All this talk of websites can be daunting and overwhelming, but you know you need one. You might need a simple information site, a contact form so people can communicate with you, the opportunity to promote your product or publicise your services. Either way if a company today does not have a website they are immediately a step behind the rest. So how does it all work and what do you need to think about.

The process goes like this:


As you’re here on a site about website design and reading this page I assume you have a need and are thinking of having a website, so I won’t expand on this one.


This is about the idea, about how the site will look and feel, how it interacts with the person visiting your site (the user), what it conveys to the user as they move through the site. It’s always good to have a rough idea of what you want (colours, images, wording, layouts) before you take the step of contacting a web designer.
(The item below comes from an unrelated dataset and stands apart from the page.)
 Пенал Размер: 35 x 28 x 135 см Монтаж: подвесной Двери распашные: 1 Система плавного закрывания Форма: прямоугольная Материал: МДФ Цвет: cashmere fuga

Sometimes a selection of websites to show a designer what you like, or feel is right for your website, is a good plan.


This is what your website is made from. Once you have a design that is either in your head, or better (and slightly more workable for a web developer) in a graphics package such as Adobe Photoshop, you need to transform that into something that will work on the internet. This framework could simply be HTML (Hyper Text Markup Language), which is the basic programming language that speaks to your web browser. However, if you have a more complex site with update and editing requirements it would be better to use a CMS (Content Management System), such as WordPress or Joomla!. Updates in pure HTML are generally better left to a web designer, but if you build your website on a CMS framework you’ll be able to edit most content as you would in a text editor like Microsoft Word.


A host is simply where your website lives. All the files and images needed to run your website are saved on the host. A Host Provider is different to an Internet Service Provider (ISP) where you get your internet subscription from; although, some ISPs provide this service as well. You’ll need to subscribe to a Host Provider, where you will get access to saving and updating the files for your website. The host will also provide a way to register a domain name. A domain name is the string you put into the browser to visit a website; this site is www.freborn.com. This domain name is also used for email addresses (a service also provided by the host), so you won’t have to worry about organising that once you have your domain.
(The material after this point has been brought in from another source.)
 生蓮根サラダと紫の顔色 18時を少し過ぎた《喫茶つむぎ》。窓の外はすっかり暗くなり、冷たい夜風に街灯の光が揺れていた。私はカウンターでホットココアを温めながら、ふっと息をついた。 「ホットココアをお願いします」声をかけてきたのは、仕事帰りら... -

One of the main issues to plague the internet is the upkeep of websites. The excitement and drive to get a website started is there, but after a while it can become a pain to keep it up to date, or just forgotten about. Maintaining a website is very important and having a design and framework that encourages that is always a good idea. No prospective customer likes coming to an out of date or broken website.


A simple way to think about it is, a host is a garage and the domain is the address for that specific garage, the garage door is your web design and your framework is “do I lift it by the handle or get an all singing and dancing electric one!”.

I hear lots of jargon!

HTML, as mentioned, is the basic language and structure of a website. It’s rather static but does a great job of putting content and images in the right place. If you hear the word PHP, ASP or JSP just think of HTML, but more dynamic!
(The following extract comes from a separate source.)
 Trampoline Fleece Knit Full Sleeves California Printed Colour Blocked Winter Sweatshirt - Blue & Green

CSS adds the fancy bit to the HTML. HTML is the structure and CSS is the style. The colour of text, borders, font sizes, backgrounds and much more. It brings a website to life!

Then there is all the other fancy stuff that helps with galleries and animations; the scripting like JavaScript (jQuery, Angular, Mootools, protoype are all JavaScript packages).

Should I attempt to make a website myself?

It’s not always the best idea to do it yourself. As a customer’s first impression will normally come from viewing your website, it’s best to ensure they’ll leave it with a good impression and want to come back. We’ve all seen the awful websites, the ones that are out of date and the ones that simply don’t work. So yes, I’d recommended using someone who knows what they are doing, but you’d guess I’d say that.

Should I use a free template or a site builder?

Site builders are useful for getting up and running quickly; however, by necessity they have to be manageable by the Host Provider, which can cause them to be rather restrictive; and customising them can be quite involved.

You can get many free templates online and this will save money in the short term, but in my opinion this has several draw backs and you could end up paying more in the long term. Your site may end up looking very similar to other sites. Free templates are designed and developed quickly for mass market, which means that coding standards aren’t always adhered to and they can have many errors and problems. And finally, trying to edit, update and modify a pre-built site, without prior knowledge, can be time consuming. Having said that it can be a quick stepping stone towards getting your business online; however, after a while you’ll most likely want a designer to create that custom feel for you.

So how much will it cost?

The big question. There are several areas to contend with regarding the cost.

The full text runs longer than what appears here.